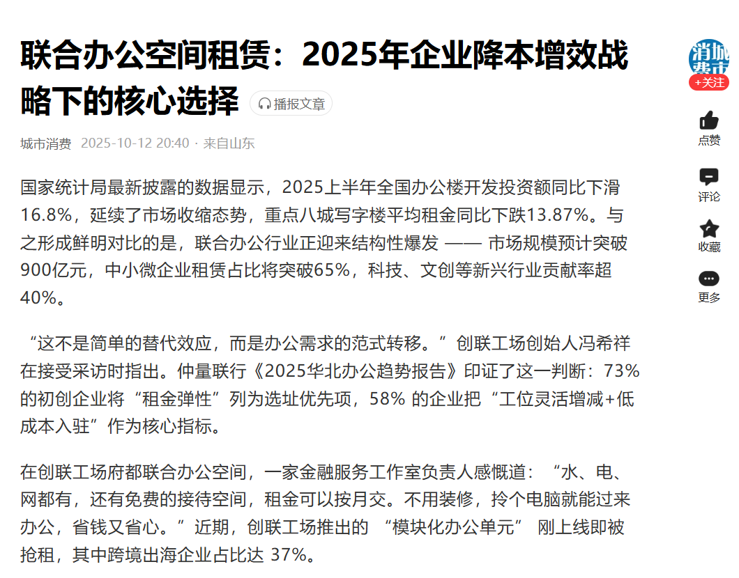 媒体报道 | 联合办公空间租赁:2025企业降本增效战略下的核心选择2025年,中国经济进入高质量发展新阶段,企业降本增效需求空前迫切。在此背景下,联合办公成为企业突破成本困局、实现轻资产转型的核心抓手。其中,创联工场作为国内联合办公领域的标杆企业,通过“空间重构、服务升级、生态共建”三大维度,为企业提供了降本增效的完整解决方案。近期,中宏网、业界观察、城市消费等多家权威媒体对创联工场在助力企业降本增效方面进行了报道。城市消费国家统计局最新查看详情 >
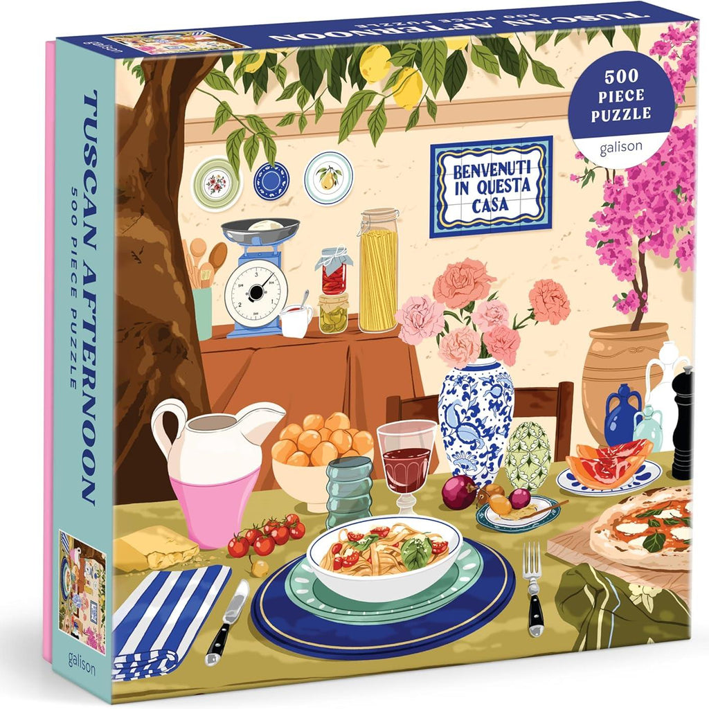 Transport yourself to the picturesque landscapes of Tuscany with Galison's delightful 500-piece puzzle featuring artwork of a Tuscan-themed dining table adorned with delectable Italian food. Each piece of this puzzle invites you to savor the rustic charm and culinary delights of an Italian feast amidst the rolling hills and vineyards of Tuscany
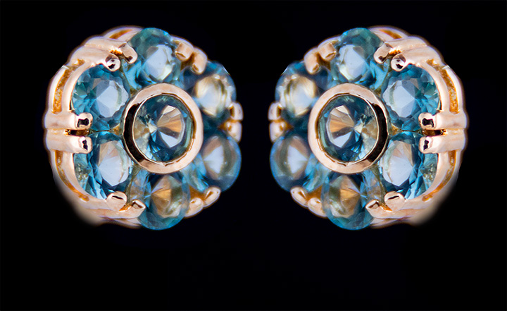Blue Topaz Flower Earrings in Gold Plated Sterling Silver – Stock# 8249
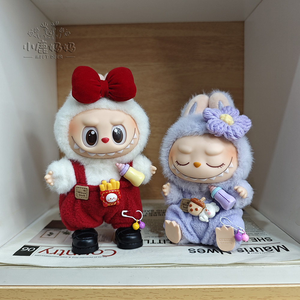 📚 拉布布娃衣17cm公仔美滋滋labubu衣服搪胶挂件一二代坐坐派对着替
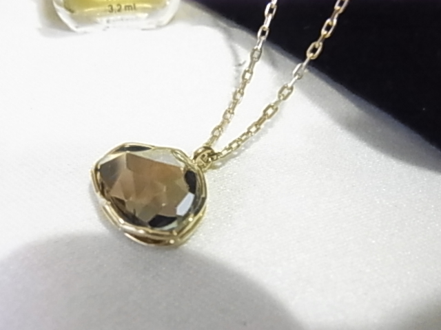 ☆ブラウン系 薄い茶色系  カッティングが綺麗なカラーストーン アジャスターも可愛い ネックレス
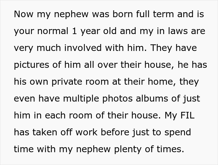 A significant thing that the poster noticed was how much her in-laws seemed to favor their other grandkid. They put pictures of him up all over their house, kept a private room for him, and made an effort to spend extra time with him whenever they could. On the other hand, they never seemed to do that for the triplets.
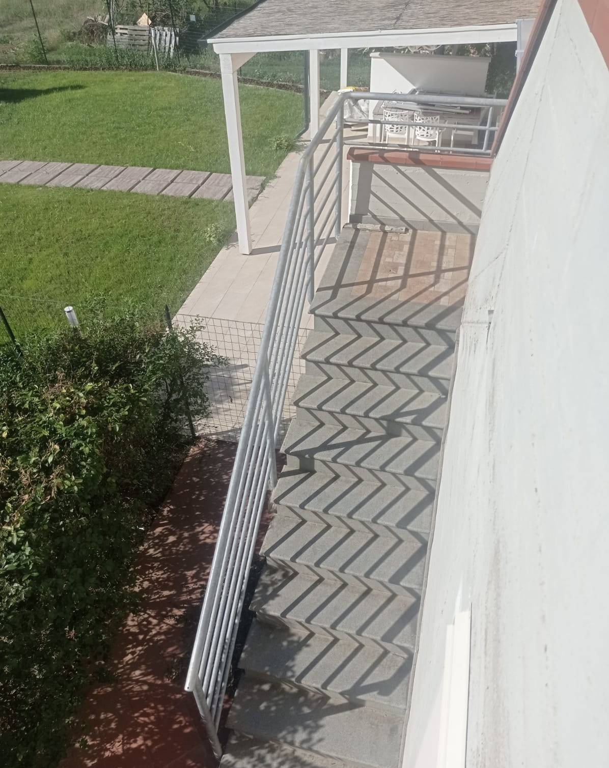 Posto al primo al primo piano con ingresso indipendente, con giardino privato, ampia terrazza, composto da: ingresso, soggiorno, cucina con lavastoviglie, disimpegno con camera matrimoniale, altra camera con due letti, ripostiglio e ampio bagno con doccia e vasca idromassaggio.
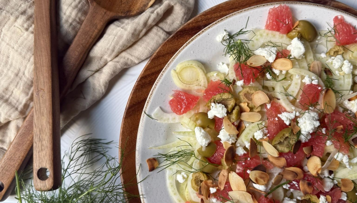 • Ajouter le pamplemousse, les olives, le fêta et les amandes.
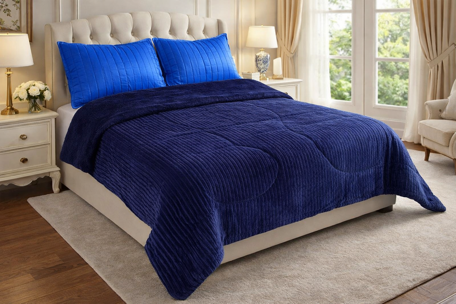 Este extraordinario cobertor está elaborado con tejido de peluche y una parte trasera de tela borrego, una combinación pensada para ofrecerte la máxima calidez y confort. Ideal para climas fríos, proporciona una experiencia única durante las noches más frescas, haciendo que tu descanso sea placentero y lleno de comodidad.
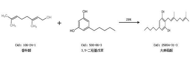 1.通过香叶醇和3,5-二羟基戊苯合成大麻萜酚,收率约29%;
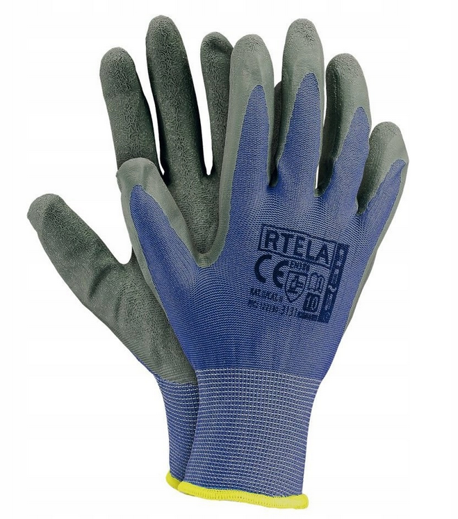 Rękawice robocze zostały zaprojektowane z myślą o komforcie i bezpieczeństwie w pracy. Wykonane z mocnego poliestru, mają lateksowe powleczenie, co sprawia, że są wytrzymałe i dobrze chronią przed uszkodzeniami. Dodatkowy ściągacz na nadgarstku zapewnia dobre dopasowanie, co zwiększa komfort noszenia.
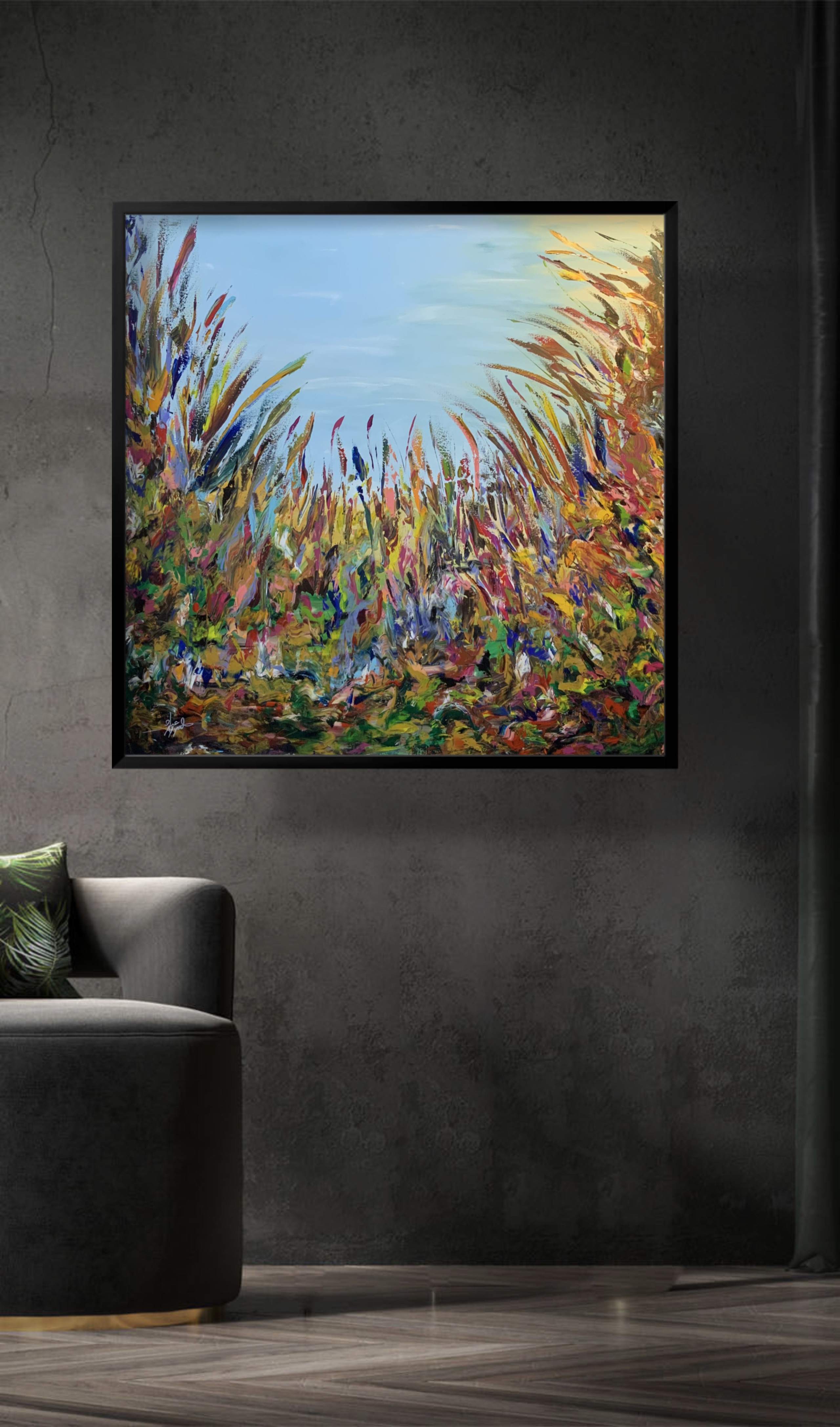 This painting captures a vibrant natural scene where tall, colorful grasses sway gently beneath a clear and glowing sky. Expressive brushstrokes and warm–cool color transitions create a sense of movement and a soft breeze passing through the landscape. The artwork celebrates nature’s energy and ever-renewing beauty.

Work instructions: Everything in the records must be returned exactly, except the pictures.

Task solution:
 媒体报道 | 联合办公空间租赁:2025企业降本增效战略下的核心选择2025年,中国经济进入高质量发展新阶段,企业降本增效需求空前迫切。在此背景下,联合办公成为企业突破成本困局、实现轻资产转型的核心抓手。其中,创联工场作为国内联合办公领域的标杆企业,通过“空间重构、服务升级、生态共建”三大维度,为企业提供了降本增效的完整解决方案。近期,中宏网、业界观察、城市消费等多家权威媒体对创联工场在助力企业降本增效方面进行了报道。城市消费国家统计局最新查看详情 >
 Transport yourself to the picturesque landscapes of Tuscany with Galison's delightful 500-piece puzzle featuring artwork of a Tuscan-themed dining table adorned with delectable Italian food. Each piece of this puzzle invites you to savor the rustic charm and culinary delights of an Italian feast amidst the rolling hills and vineyards of Tuscany
Blue Topaz Flower Earrings in Gold Plated Sterling Silver – Stock# 8249
 📚 拉布布娃衣17cm公仔美滋滋labubu衣服搪胶挂件一二代坐坐派对着替
 ☆ブラウン系 薄い茶色系  カッティングが綺麗なカラーストーン アジャスターも可愛い ネックレス
 A significant thing that the poster noticed was how much her in-laws seemed to favor their other grandkid. They put pictures of him up all over their house, kept a private room for him, and made an effort to spend extra time with him whenever they could. On the other hand, they never seemed to do that for the triplets.
 Posto al primo al primo piano con ingresso indipendente, con giardino privato, ampia terrazza, composto da: ingresso, soggiorno, cucina con lavastoviglie, disimpegno con camera matrimoniale, altra camera con due letti, ripostiglio e ampio bagno con doccia e vasca idromassaggio.
 • Ajouter le pamplemousse, les olives, le fêta et les amandes.
 Este extraordinario cobertor está elaborado con tejido de peluche y una parte trasera de tela borrego, una combinación pensada para ofrecerte la máxima calidez y confort. Ideal para climas fríos, proporciona una experiencia única durante las noches más frescas, haciendo que tu descanso sea placentero y lleno de comodidad.
 1.通过香叶醇和3,5-二羟基戊苯合成大麻萜酚,收率约29%;
 Rękawice robocze zostały zaprojektowane z myślą o komforcie i bezpieczeństwie w pracy. Wykonane z mocnego poliestru, mają lateksowe powleczenie, co sprawia, że są wytrzymałe i dobrze chronią przed uszkodzeniami. Dodatkowy ściągacz na nadgarstku zapewnia dobre dopasowanie, co zwiększa komfort noszenia.
 This painting captures a vibrant natural scene where tall, colorful grasses sway gently beneath a clear and glowing sky. Expressive brushstrokes and warm–cool color transitions create a sense of movement and a soft breeze passing through the landscape. The artwork celebrates nature’s energy and ever-renewing beauty.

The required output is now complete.